Most people look at refugees from a particular country who don't (or won't) assimilate and say “Let's try refugees from a different country instead.” The Modern Left looks at the same situation and says “No, let's get more refugees from the same country”. This scenario played out here in Australia recently, although fortunately some sort of common sense prevailed in the end. But the question lingers: Why was the counter-sensical approach the virtual reflexive response of the left?

I've seen a few people tackle this question. For example, the thesis of Evan Sayet (formerly of the left himself) is based on the idea that the left have made a fundamental axiom of the idea that "discrimination is evil". I'll go into that another time, but I came across another, more psychological, approach recently via the great Kathy Shaidle. This from Jamie Glazov who saw Soviet oppression first hand and through his family.
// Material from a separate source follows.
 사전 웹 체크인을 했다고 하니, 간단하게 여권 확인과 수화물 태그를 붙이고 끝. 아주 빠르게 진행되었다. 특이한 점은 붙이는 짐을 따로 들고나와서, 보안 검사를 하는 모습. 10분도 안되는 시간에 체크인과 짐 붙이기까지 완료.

“The typical leftist,” Glazov explained, actually “wants to shed himself of his unwanted self and melt into a totalitarian blur. He wants to fit in. And he wants to create a disinfected earth where he doesn’t have to face the challenges that come with freedom. That disinfection demands destruction. It demands Ground Zero, so that the earthly paradise can be built on its ashes. Radical Muslims perpetrate the destruction against free societies that the leftist is dreaming of and supports. Both sides want to create paradise on earth and they cannot accept man for who and what he is. Because of that, every time they try to create heaven, they engender hell. And there is nothing baffling about this alliance. It makes total logical sense.”
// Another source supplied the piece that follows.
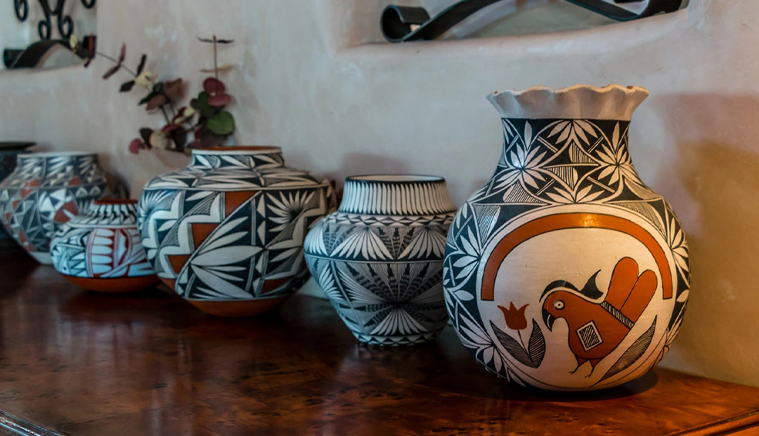 سرخپوستهای نیومکزیکو با خاک بومی این منطقه کوزههای سفالی درست میکنند و طرحهایی با جزئیات بسیار دقیق روی آنها کار میکنند. طرحهای خاص این کوزهها آنها را جزو صنایع دستی عجیب جهان قرار میدهد. فرم بدنه این کوزهها نیز منحصربفرد است و بسیاری از افراد از آن بهعنوان یک اکسسوری تزئینی خاص برای دکوراسیون یا گلدان برای گلهای مختلف استفاده میکنند.

"Objectively Desireable Ends"?

My comment on ChicagoBoyz:

It’s not in fact trivial to define “objectively desireable” ends. ‘Preserving the environment’ is not a complete description of an end. For example: one way to preserve the environment would be to release a virus that kills every human on earth. Hey presto, greenie heaven. So, to be complete, the cost must always be defined when stating a goal. Of course then we get into an argument as to how much we want to spend on ‘preserving the environment’. Thus it becomes a matter of subjective opinion again.
The key feature of the market is the way it generates prices. Prices give us an informed/rational basis for decisions about ‘preserving the environment’. That is they let us know how much a certain amount of ‘preserving of the environment’ is worth to us in terms of other things that we like.
On the other hand, politicians like to talk in terms of un-costed absolutes: they’re potential blank cheques signed by the taxpayer.
So at face value we are comparing a process where costs are unknown/irrelevant (politics) to a process where costs are known to a more or less exact degree. On its face which process is more likely to succeed in reaching a goal? (keeping in mind that a goal must be costed to be a real goal).